- _Input data_
*** Begin section ***
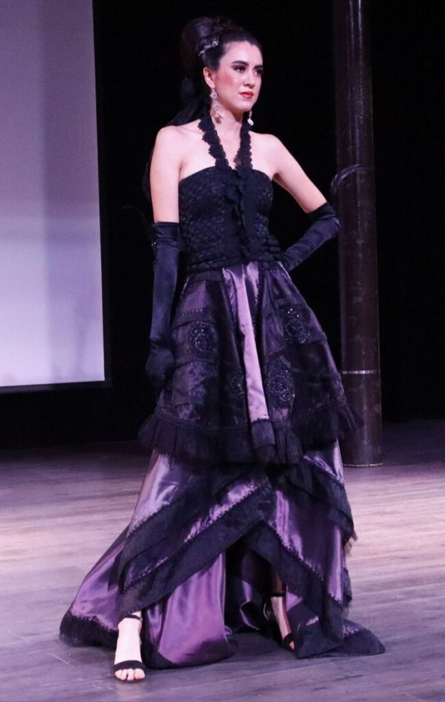 Mientras que ‘Esplendor de María’ es un vestido, dedicado a la icónica actriz dominicana María Montez, que refleja el glamour clásico de Hollywood con un diseño que combina cintas de seda entrelazadas, vibrantes lentejuelas y delicados encajes. Las transparencias estratégicas y los detalles románticos evocan la opulencia y la majestuosidad de la época dorada del cine.
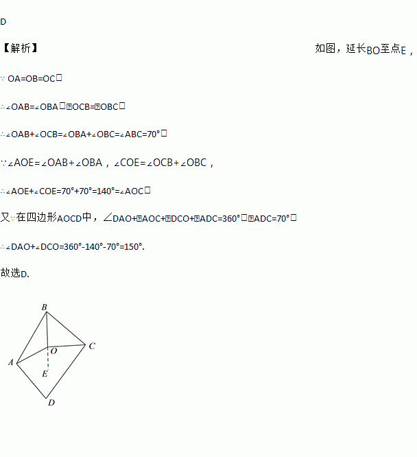 如图,已知O是四边形ABCD内一点,OA=OB=OC,∠ABC= ∠ADC=70,则∠DAO+∠DCO的大小是( )
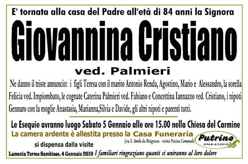 La camera ardente è allestita presso la Casa Funeraria Putrino
*** End section ***
- _Required work_
After locating the line that holds "如图,已知O是四边形ABCD内一点,OA=OB=OC,∠ABC= ∠ADC=70,则∠DAO+∠DCO的大小是( )", output exactly the lines from it through the last line of the material above, inclusive, without pictures.

- _Exercise solution_
 如图,已知O是四边形ABCD内一点,OA=OB=OC,∠ABC= ∠ADC=70,则∠DAO+∠DCO的大小是( )
 La camera ardente è allestita presso la Casa Funeraria Putrino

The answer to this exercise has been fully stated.